Question

Find the number of real roots x, for the following equation.

(x - 1) (x - 3) (x - 5) (x - 7) ...... (x - 2015) (x - 2017) = (x - 2) (x - 4) (x - 6) (x - 8) .... (x - 2014) (x - 2016)

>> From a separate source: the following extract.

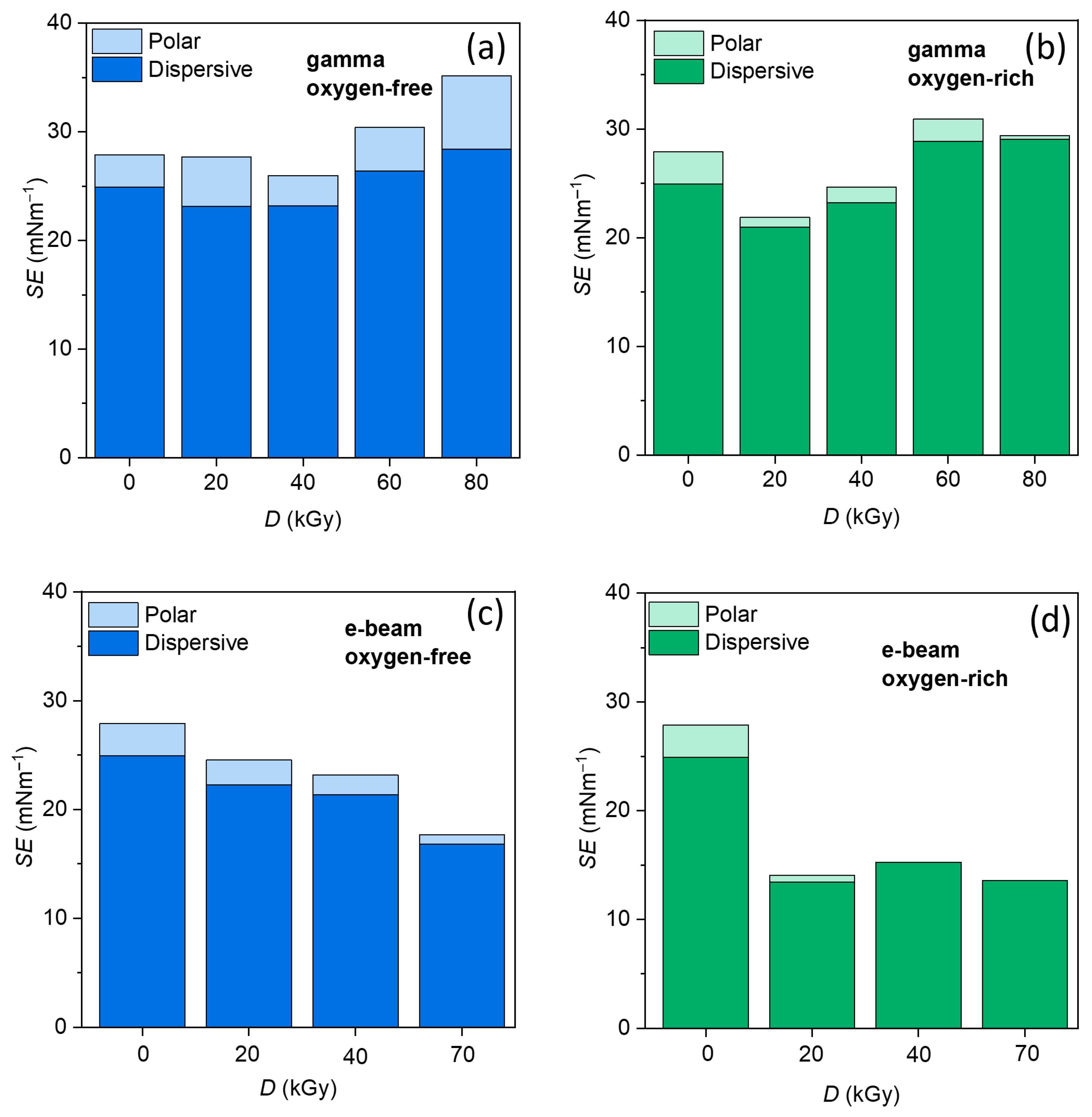 Figure 5d), markedly different behavior is observed, characterized by a rapid and pronounced reduction in surface free energy already at the lowest applied dose (20 kGy), followed by minor variations at higher doses. Despite these different kinetic behaviors, both irradiation atmospheres result in similarly low surface free energy values at higher doses, indicating that e-beam irradiation effectively promotes surface hydrophobization regardless of oxygen presence. This reduced sensitivity to atmospheric oxygen is consistent with the high dose rate of e-beam irradiation, which limits oxygen diffusion and suppresses oxygen-mediated degradation pathways.

It may not need to solve a polynomial of degree 2017... Simpler solutions exist..

Answer 1

On the LHS there are (2017+1)/2 = 1009 (odd number) terms. On the RHS there are 1008 (even number) terms.
 
  We know that if a polynomial f(x) is positive at x = a and is negative at x = b, then f(x) = 0 at some x in between a and b. So that x is a real root.

Let  f(x) = LHS - RHS 
 = (x-1)(x-3)(x-5)...(x-2015)(x-2017) - (x-2)(x-4)(x-6)...(x-2014)(x-2016)
f(0) = (-1)(-3)(-5)...(-2015)(-2017) - (-2)(-4)(-6)..(-2014)(-2016)
      =  - 1*3*5*...* 2015*2017 - 2*4*6*...*2014*2016  = negative.
f(1) = 0  -  (-1)(-3)(-5)...(-2014)(-2015)    = negative
f(2) = 1*(-1)(-3)(-5)....(-2013)(-2015) - 0 = positive      ∵1008 terms are -ve
f(3) = 0 -  1 (-1)(-3)(-5)...(-2011)(-2013) = positive      ∵1007 terms are -ve
f(4) = 3*1* (-1)(-3)(-5)....(-2011)(-2013) - 0 = negative    ∵1007 terms -ve
f(5) = 0 - 3*1*(-1)(-3)(-5) ...(-2009)(-2011) = negative    ∵1006 terms -ve
f(6) = 5*3*1*(-1)(-3)(-5)...(-2009)(-2011) - 0 = positive   ∵ 1006 terms -ve
:  :
:  :
f(2013) = 0 - 2011*2009 *2007*...*1*(-1)(-3) = negative 
f(2014) = 2013*2011*...*1*(-1)(-3) - 0  = positive
f(2015) = 0 -  2013*2011*...*1*(-1) =  positive
f(2016) = 2015*2013*..*1*(-1) -  0  = negative
f(2017) = 0 - 2015*2013 *... *3*1  = negative
f(2018) = 2017*2015*2013*..3*1 -  2016*2014*..*4*2 = positive

We see that as x increases by 2, we find that f(x) changes sign from positive to negative or  from negative to positive.  

Thus there are  1009  real positive roots.